AI and the evolution of document review and production

10 Minute read 07.04.2026 Jason McQuillen and Sarah McCann

AI is transforming legal document review — from Technology-Assisted Review and CAL to Generative AI — reshaping speed, accuracy and defensibility in discovery and investigations.

Key takeouts

CAL is the gold standard for defensible review. Courts and bodies like the Sedona Conference have endorsed it, making it the preferred methodology where court or regulator approval is required.

Gen AI processes thousands of documents in minutes and delivers real-time strategic insights, but lacks CAL's defensibility precedent and courts are yet to develop standards for assessing its adequacy.

The optimal approach combines both technologies with human oversight: Gen AI for early triage and summarisation, CAL for formal review and production, and senior lawyer review for privilege and edge cases.

Artificial intelligence (AI) is fundamentally reshaping the legal indsutry. From contract analysis and legal research to due diligence and regulatory compliance, generative AI is transforming how legal professionals work, promising benefits in speed, efficiency and insight. The field of discovery, investigations and regulatory responses is no exception, and the introduction of AI builds on an evolution in the practice of document review and production.

What was once a labour-intensive, linear process dominated by human review has evolved into a sophisticated ecosystem where AI is playing an increasingly integral role. For organisations facing a requirement to collect, review and produce large data sets, understanding the various tools and approaches available is critical to managing timelines, cost, risk and defensibility.

This article examines the evolution of document review and production over the past decade, from the early adoption of Technology-Assisted Review (TAR) through Continuous Active Learning (CAL), to the emergence of AI, now including Generative AI. We analyse how these technologies compare across key metrics including speed, accuracy and defensibility, and provide practical guidance for how to decide the optimal approach to investigations, litigation and other document production depending on your context.

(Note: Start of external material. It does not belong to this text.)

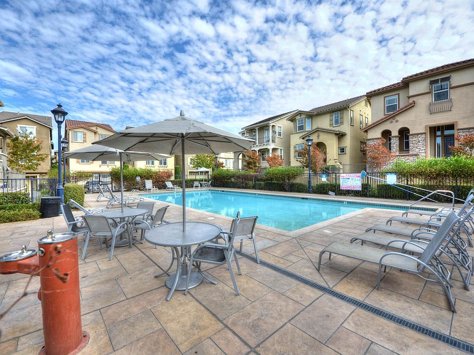 Captivating and Stunning This beautiful newly painted Town home with lots of upgrades, added storage shows like a model. Spacious open plan Great room with gleaming hickory hardwood floors and recess lighting, Updated kitchen with raised panel maple cabinets and granite ctr top, Spacious master bedroom, Master bath with dual sink Corian ctr top, All bedrooms with ceiling fans, Bonus room with Laundry,Gated Community pool, SPA, club house, Tennis courts, Easy access to 880, 237, 680, close to future BART.

The traditional review challenge

Throughout the 2010s, legal teams faced an escalating challenge in the form of exponential growth in electronically stored information. Matters routinely involved production obligations spanning years of email correspondence, contract repositories, messaging platforms and financial records, often numbering in the millions of documents. Linear review – where lawyers manually examined every document – was becoming economically unsustainable and temporally impossible given the timelines courts and regulators imposed. Offshoring to lower cost jurisdictions became commonplace but was still dependent on humans.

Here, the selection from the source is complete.